-- WORK INSTRUCTIONS --
Everything in the listing that follows should be reproduced exactly except the pictures.

-- PROVIDED MATERIAL --
________________________

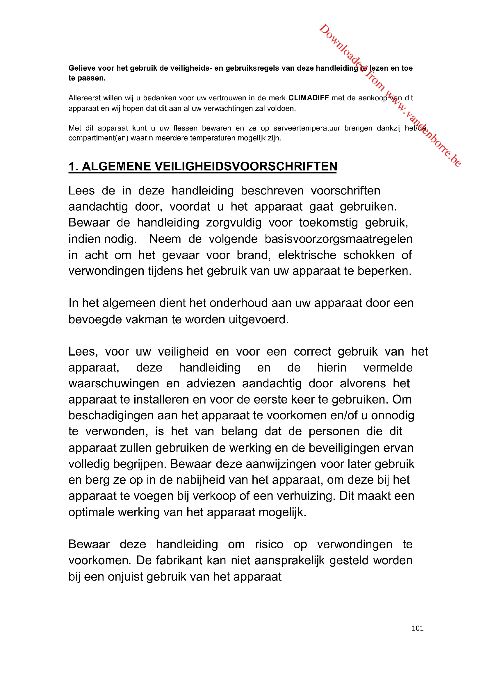 Downloaded from www.vandenborre.be101 Gelieve voor het gebruik de veiligheids- en gebruiksregels van deze handleiding te lezen en toe te passen. Allereerst willen wij u bedanken voor uw vertrouwen in de merk CLIMADIFF met de aankoop van dit apparaat en wij hopen dat dit aan al uw verwachtingen zal voldoen. Met dit apparaat kunt u uw flessen bewaren en ze op serveertemperatuur brengen dankzij het/de compartiment(en) waarin meerdere temperaturen mogelijk zijn.
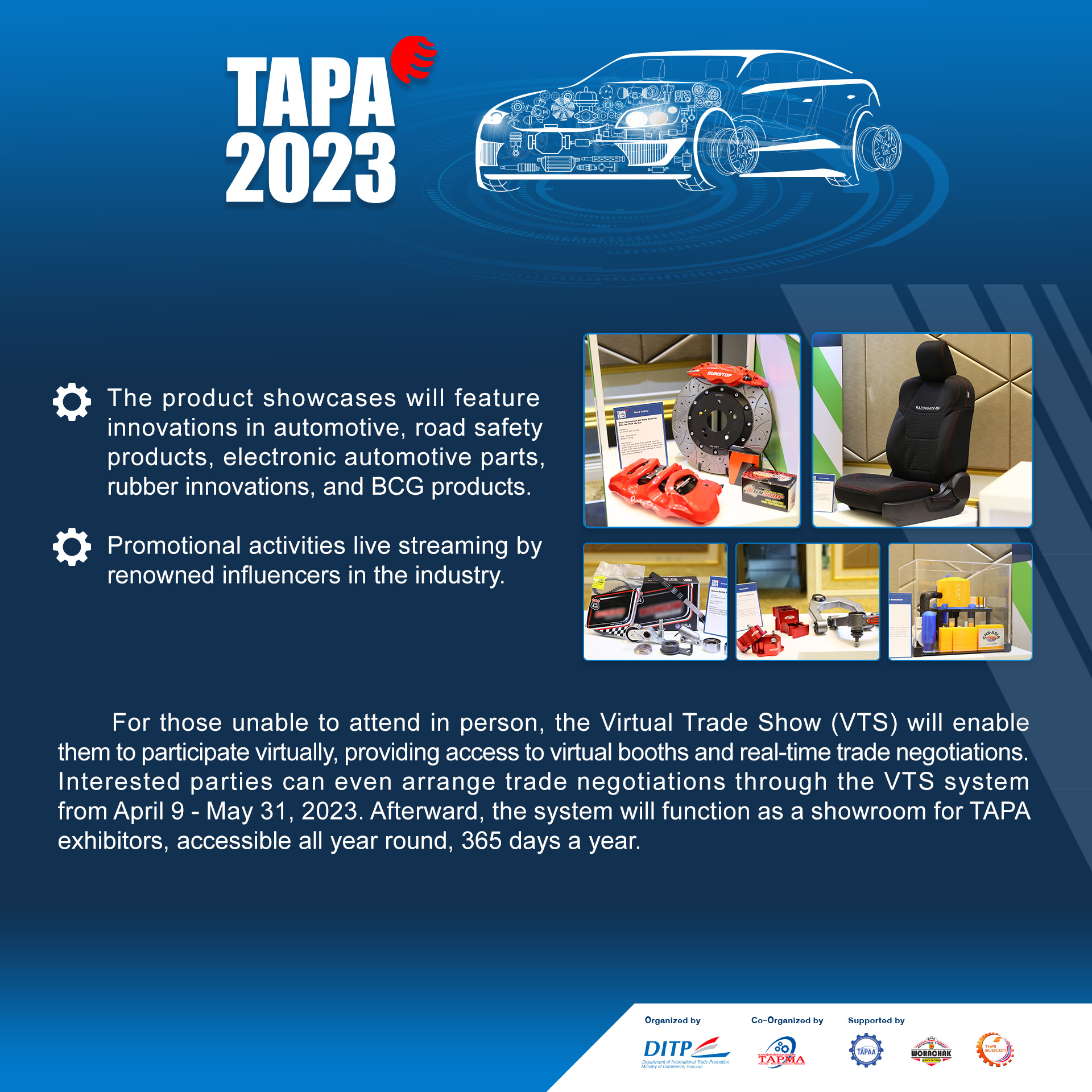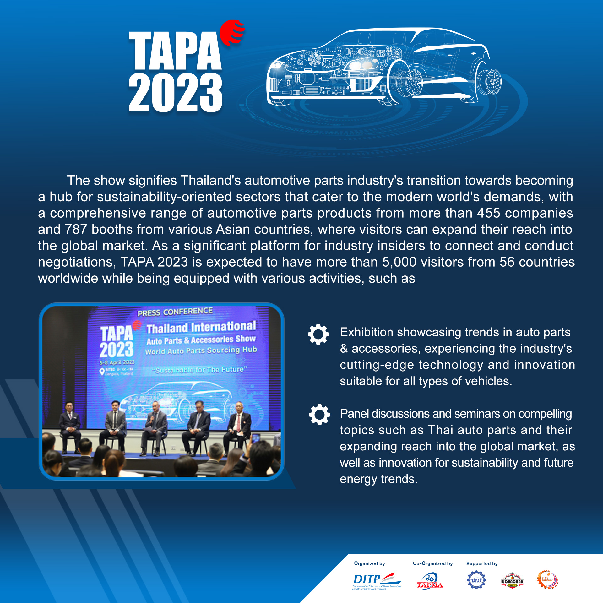 TAPA 2023, the biggest trade show of automotive parts in ASEAN, the hub of products from more than 455 companies, and 787 booths from various Asian countries, opens the door to opportunities for expansion to reach the global market, for those who work in industry insiders to connect and conduct negotiations.
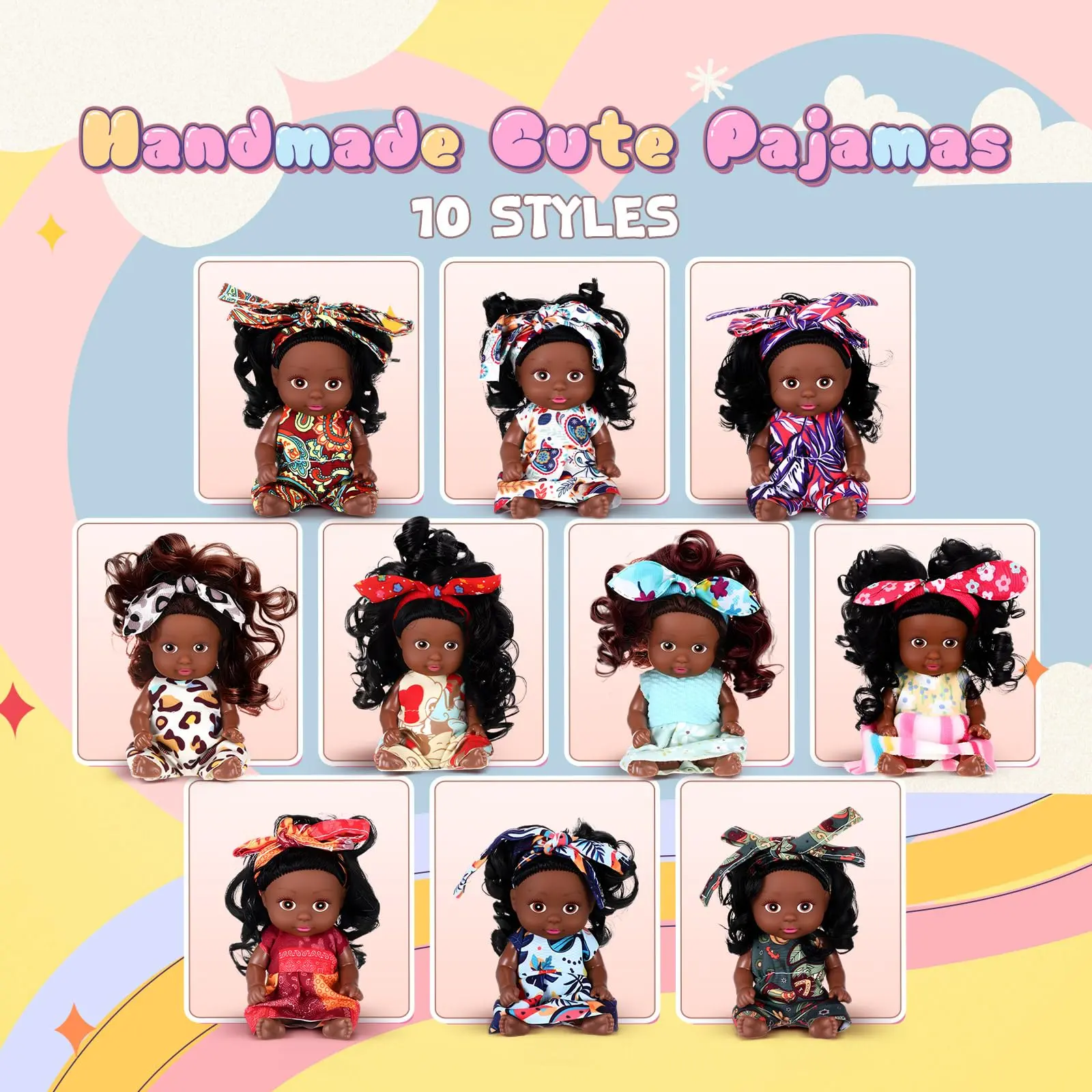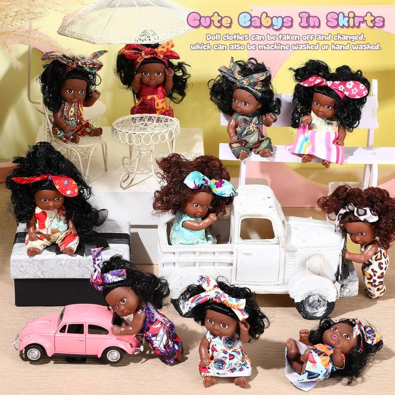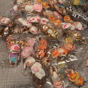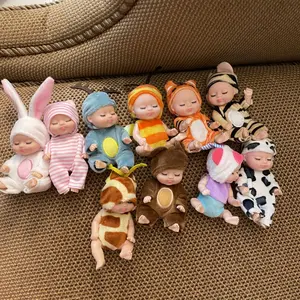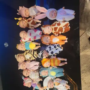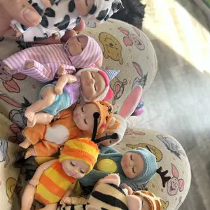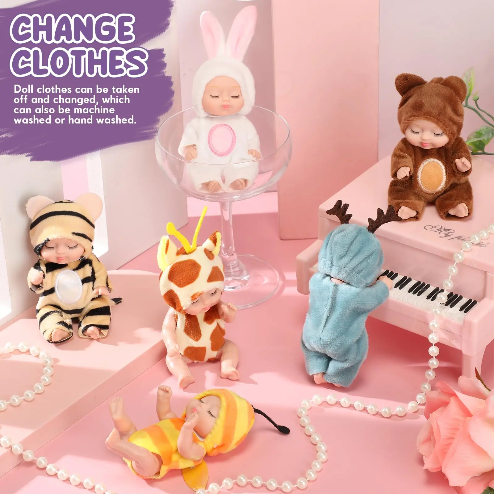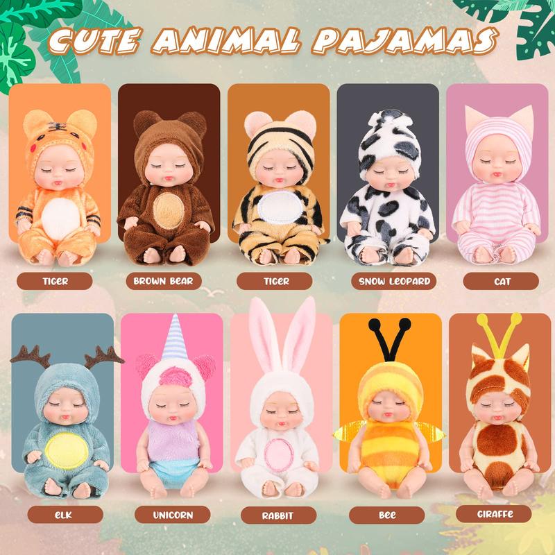 1. Product Specifications: This set includes 6-10 miniature reborns (depending on the package), each dressed in unique animal-themed outfits such as fox, crocodile, butterfly, rabbit, bee, bear, cat, unicorn, leopard, giraffe, elk, and tiger. Sizes vary slightly: unclothed reborns measure approximately 4 inches (11 cm) in length, while clothed reborns extend to 4.3 inches. Sitting poses are compact at 3.5 inches. Movable joints and adjustable postures enhance play versatility.

________________________

-- RESULT OF THIS EXERCISE --
 Downloaded from www.vandenborre.be101 Gelieve voor het gebruik de veiligheids- en gebruiksregels van deze handleiding te lezen en toe te passen. Allereerst willen wij u bedanken voor uw vertrouwen in de merk CLIMADIFF met de aankoop van dit apparaat en wij hopen dat dit aan al uw verwachtingen zal voldoen. Met dit apparaat kunt u uw flessen bewaren en ze op serveertemperatuur brengen dankzij het/de compartiment(en) waarin meerdere temperaturen mogelijk zijn.
 TAPA 2023, the biggest trade show of automotive parts in ASEAN, the hub of products from more than 455 companies, and 787 booths from various Asian countries, opens the door to opportunities for expansion to reach the global market, for those who work in industry insiders to connect and conduct negotiations.
 1. Product Specifications: This set includes 6-10 miniature reborns (depending on the package), each dressed in unique animal-themed outfits such as fox, crocodile, butterfly, rabbit, bee, bear, cat, unicorn, leopard, giraffe, elk, and tiger. Sizes vary slightly: unclothed reborns measure approximately 4 inches (11 cm) in length, while clothed reborns extend to 4.3 inches. Sitting poses are compact at 3.5 inches. Movable joints and adjustable postures enhance play versatility.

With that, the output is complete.